I found this an extremely informative interview on a number of levels:
- How much Altman attributes the experience of Chat-GPT to the reinforcement training by human subjects rather than the underlying capacities of the model. This is what explains the sense that Chat-GPT is ‘trying to help you’.
- The corpus of content on which GPT is trained is huge and varied, though he draws attention to the importance of exclusions being made here. I would love to hear more about this and the decisions which guide these exclusions.
- He recognises the temptation to anthropomorphise Chat-GPT while insisting it has in some sense developed the capacity to reason based on ‘ingesting’ human culture.
- He explains the roll out strategy as a way of using ‘collective intelligence’ to identify issues in a way which would be beyond the capacities of the organisation on their own, as well as an intention to make mistakes while ‘the stakes are low’.
- He contrasts people approaching GPT as a database rather than using it as a partner for reasoning with.
- He suggests these models can “bring nuance back to the world” after it has been destroyed by Twitter. I found the political sociology implicit in this statement fascinating and suggest it needs being unpacked.
- He suggests the degree of alignment (to human purposes) is increasing faster than the underlying capabilities through a combination of internal and external strategies. Given how fast the capabilities increased between 3.5 and 4, I’d like to understand how degree of alignment is operationalised. He claims that people outside the field imagine alignment and capability as orthogonal to each other, whereas in the fact they are often entangled i.e. a more aligned model is a more capable model.
- Using the example of coding he suggests iterative dialogues with chat-gpt are becoming more important with each successive version. It’s not a one shot engagement but something that can be refined through a sustained engagement over time. This highlights the capabilities (including time and inclination) required to to persist in skilful ways in these engagements. I give it a year before we see ‘generative AI capital’ as a (crap) concept.

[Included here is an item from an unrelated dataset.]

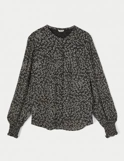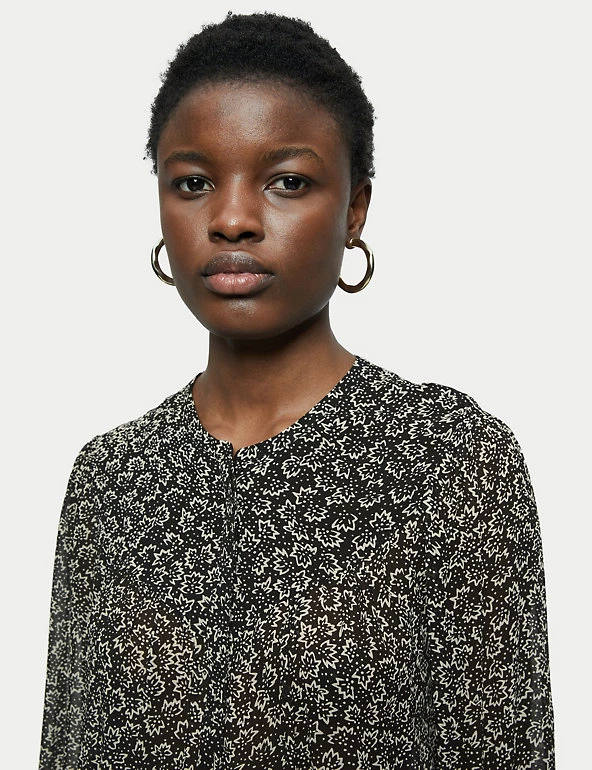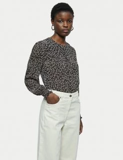 This printed Jigsaw blouse will fit seamlessly into both work and weekend wardrobes. Its relaxed fit is refined by a round neck and covered button placket. Shirred cuffs on the long sleeves enhance their blouson shape, and the curved hem looks great worn loose or tucked in. The lightweight fabric has a subtle crinkle finish, and is enhanced with multi-stitch detailing.
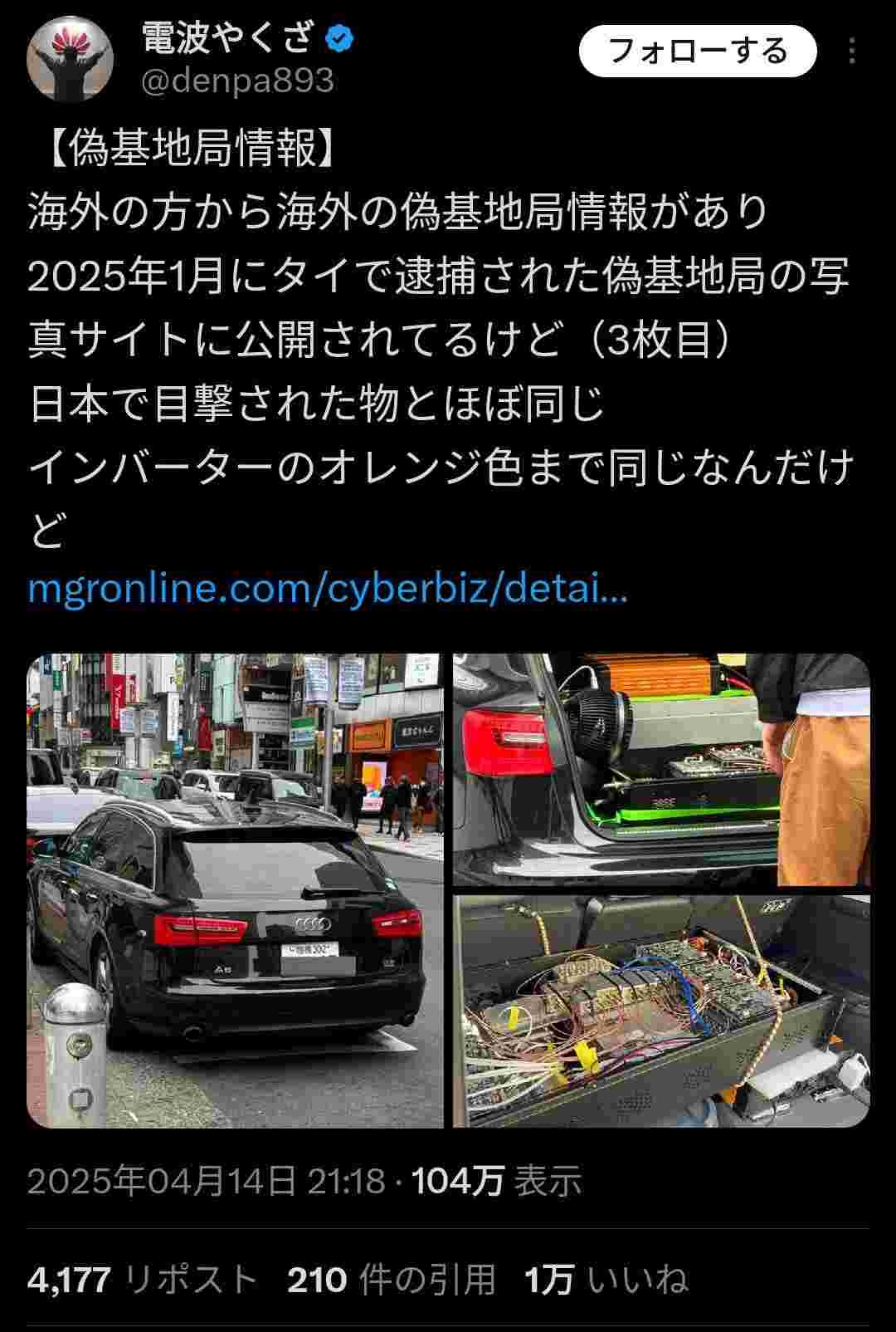 - ただ詐欺ショートメッセージ送ってくるだけらしいけどそれだけでこんな装置稼働させて走り回るコストに見合うとは思えんわ

- He describes LLMs as part of the way that artificial general intelligence can be built. He frames their approach as ultra-pragmatic focused on what works even if it lacks the elegance which some in the field hoped would define progress towards AGI.
It was particularly interesting that he sees the short-term problems as being about misinformation and economic shocks e.g. how would you know if the conversations on Twitter are being directed by LLMs. I would have imagined the financial interests involve would leave him reluctant to raise these issues so openly. He suggests the rise of open source LLMs is going to radically transform the landscape in which we are operating.